1. Handle Numeric Column Names
loadText and ploadText are the most commonly used
functions for importing text files in DolphinDB. However, DolphinDB requires that
all column names start with a letter. When headers in your file start with digits,
these functions behave as follows:
- If containHeader is not specified:
The first row is treated as data. If any value in that row starts with a digit, DolphinDB assigns default column names such as col0, col1, etc. In this case, the first row of the file will be imported as the first row of data in the table.
- If set
containHeader = true:The first row is treated as the header. If any column name starts with a digit, DolphinDB automatically prefixes it with “c”. For example, "123Name" becomes "c123Name".

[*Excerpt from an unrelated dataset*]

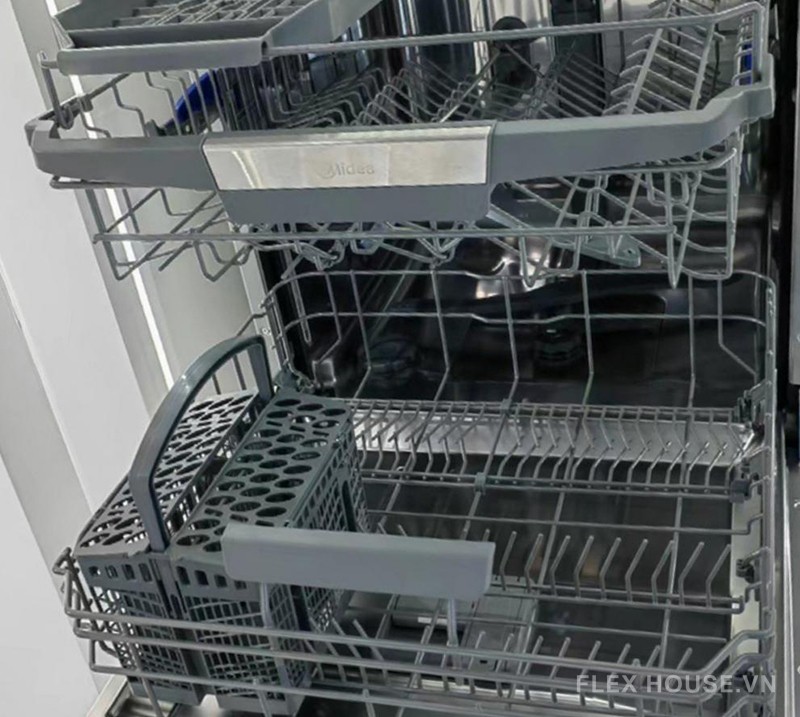 Máy rửa bát KF-BHMI775YS tích hợp 8 chương trình rửa đa dạng, bao gồm rửa thông minh (Smart Washing Auto) giúp tự động điều chỉnh lượng nước và thời gian rửa theo mức độ bẩn của chén bát, rửa kỹ (Intensive Wash) dành cho những vết dầu mỡ cứng đầu, rửa tiết kiệm (ECO Wash) giúp giảm thiểu tiêu thụ nước và điện năng, rửa ly (Glass Wash) bảo vệ ly thủy tinh mỏng manh, rửa nhanh (Rapid Wash) cho những lúc cần gấp, cùng với rửa hoa quả (Fruit and Vegetable Wash) đảm bảo vệ sinh thực phẩm. Đặc biệt, máy còn có chế độ rửa nửa tải (Half Load) giúp tiết kiệm khi không cần rửa đầy tải và chế độ tự làm sạch máy (Self Cleaning) ngăn ngừa vi khuẩn phát triển.

Neglecting this behavior may result in unexpected column names in the imported data.
For example, when importing the following colName.csv with column names starting with numbers:
| id | name | totalSale | 2023Q1 | 2023Q2 | 2023Q3 |
|---|---|---|---|---|---|
| 1 | shirt | 8000 | 2000 | 3000 | 3000 |
| 2 | skirt | 10000 | 2000 | 5000 | 3000 |
| 3 | hat | 2000 | 1000 | 300 | 700 |
1.1. Incorrect Operation
When containHeader is not specified, DolphinDB defaults to assigning column names as col0, col1, …, etc.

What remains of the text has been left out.